Your copy should begin at the line containing "また、中央部の仕切りはファスナー式の小銭入れになっています。" and end at the last line of the records below, matching each line exactly and leaving out pictures.

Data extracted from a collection
################

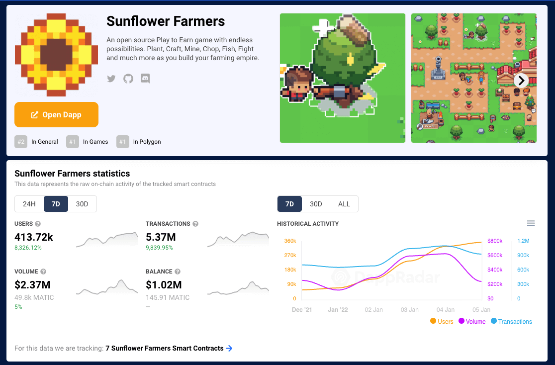 주된 요인은, NFT(비대체성 토큰)와 폴리곤 네트워크를 사용한 블록 체인 게임 「Sunflower Farmers(해바라기 농가)」의 인기화다. 일찍이 mixi에서 유행했던 브라우저 게임 「선샤인 목장」을 방불케 하는 농작물 수확 게임이다.
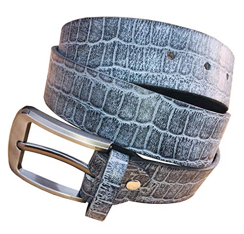 Trachten Center Cintura da uomo e da donna, in pelle di coccodrillo, per uomo, in vera pelle, effetto usato, con fibbia argentata, girovita 85 - 155 cm (Grigio Anticato, 90)
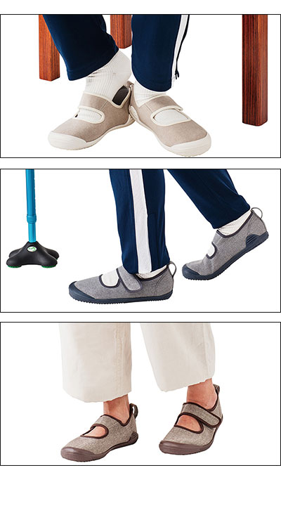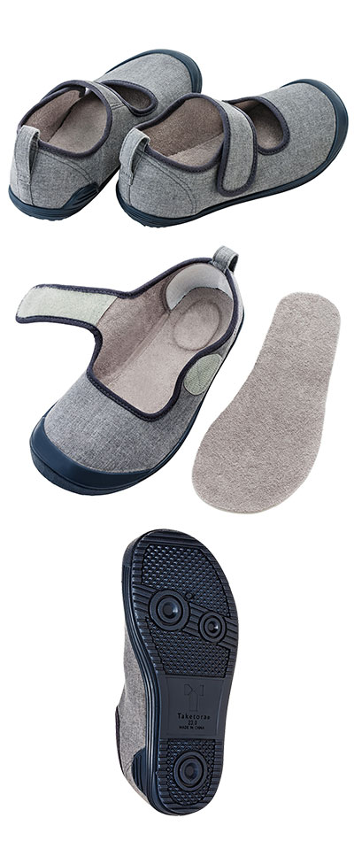 ・面ファスナーの簡単着脱で微調整も可能。間口が大きく広がり、履きやすく履かせやすい。
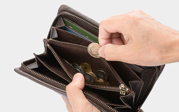 また、中央部の仕切りはファスナー式の小銭入れになっています。
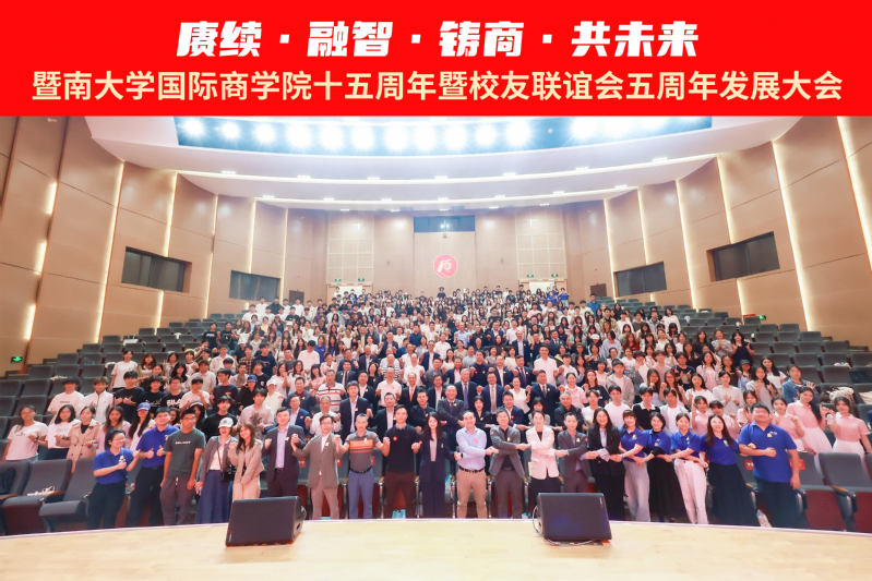 11月1日,暨南大学国际商学院十五周年暨校友联谊会五周年发展大会在暨南大学学术交流中心(珠海)举行。暨南大学董事会董事、中惠集团董事长叶惠全,暨南大学董事会董事、康泰生物董事长杜伟民,暨南大学副校长顾乃华,暨南大学校友总会会长、原校长胡军,暨南大学校友总会名誉会长、广东省侨联副主席、广东省政协委员罗定,暨南大学校友总会名誉会长、暨南大学教育发展基金会副理事长陈誉萍,珠海市台港澳事务局副局长黄远鸿,以及珠海校区各职能部门和兄弟学院的领导,各地校友会负责人,国际商学院师生、校外实践导师、校友代表们共计500余人参加大会,共同为学院十五载发展喝彩,为未来蓝图聚力。大会由国际商学院书记徐岗主持。
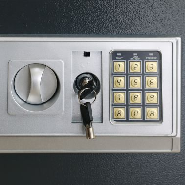 This highly secure electronic safe is perfect to use at home or in the office. This electronic safe is constructed of heavy-duty steel with powder coated finish. Equipped with a 2 bolt locking mechanism, along with the digital code opening system, this safe provides protection from theft and burglary. This durable safe is also installed with a removable shelf to keep your belongings organized. The floor is lined with a red carpet to keep your valuables from scratching. This electronic safe can either be wall-mounted or secured to the floor with the included bolts. Delivery includes four AA batteries.
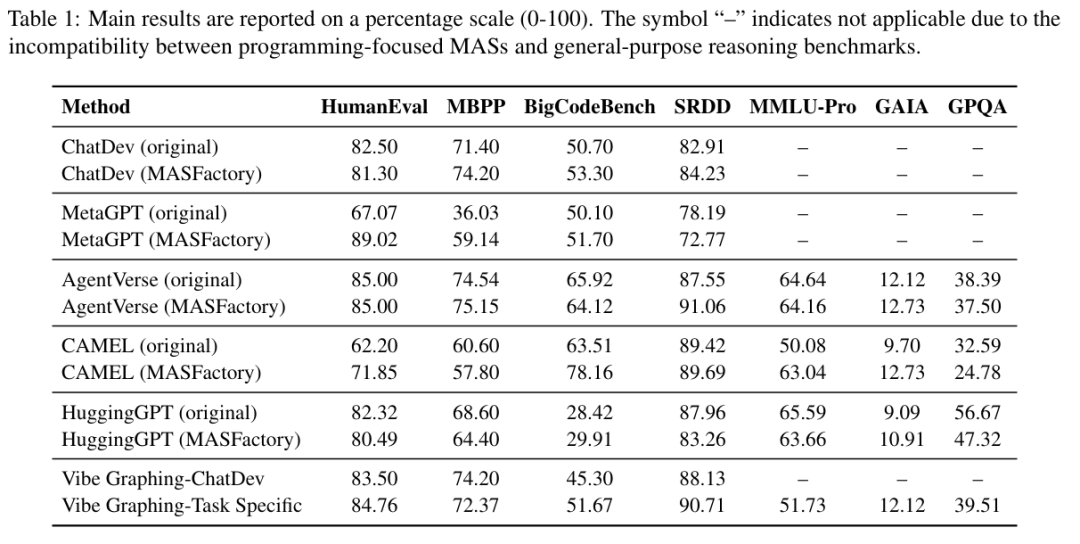实验表明,MASFactory 能够极为稳定且高效地复现当前业界最具代表性的系统(包括 ChatDev、MetaGPT、Agent Verse、CAMEL、HuggingGPT 等),且在多项指标上表现优于原始硬编码实现。

################

[SOLUTION TO THIS PROBLEM]
 また、中央部の仕切りはファスナー式の小銭入れになっています。
 11月1日,暨南大学国际商学院十五周年暨校友联谊会五周年发展大会在暨南大学学术交流中心(珠海)举行。暨南大学董事会董事、中惠集团董事长叶惠全,暨南大学董事会董事、康泰生物董事长杜伟民,暨南大学副校长顾乃华,暨南大学校友总会会长、原校长胡军,暨南大学校友总会名誉会长、广东省侨联副主席、广东省政协委员罗定,暨南大学校友总会名誉会长、暨南大学教育发展基金会副理事长陈誉萍,珠海市台港澳事务局副局长黄远鸿,以及珠海校区各职能部门和兄弟学院的领导,各地校友会负责人,国际商学院师生、校外实践导师、校友代表们共计500余人参加大会,共同为学院十五载发展喝彩,为未来蓝图聚力。大会由国际商学院书记徐岗主持。
 This highly secure electronic safe is perfect to use at home or in the office. This electronic safe is constructed of heavy-duty steel with powder coated finish. Equipped with a 2 bolt locking mechanism, along with the digital code opening system, this safe provides protection from theft and burglary. This durable safe is also installed with a removable shelf to keep your belongings organized. The floor is lined with a red carpet to keep your valuables from scratching. This electronic safe can either be wall-mounted or secured to the floor with the included bolts. Delivery includes four AA batteries.
实验表明,MASFactory 能够极为稳定且高效地复现当前业界最具代表性的系统(包括 ChatDev、MetaGPT、Agent Verse、CAMEL、HuggingGPT 等),且在多项指标上表现优于原始硬编码实现。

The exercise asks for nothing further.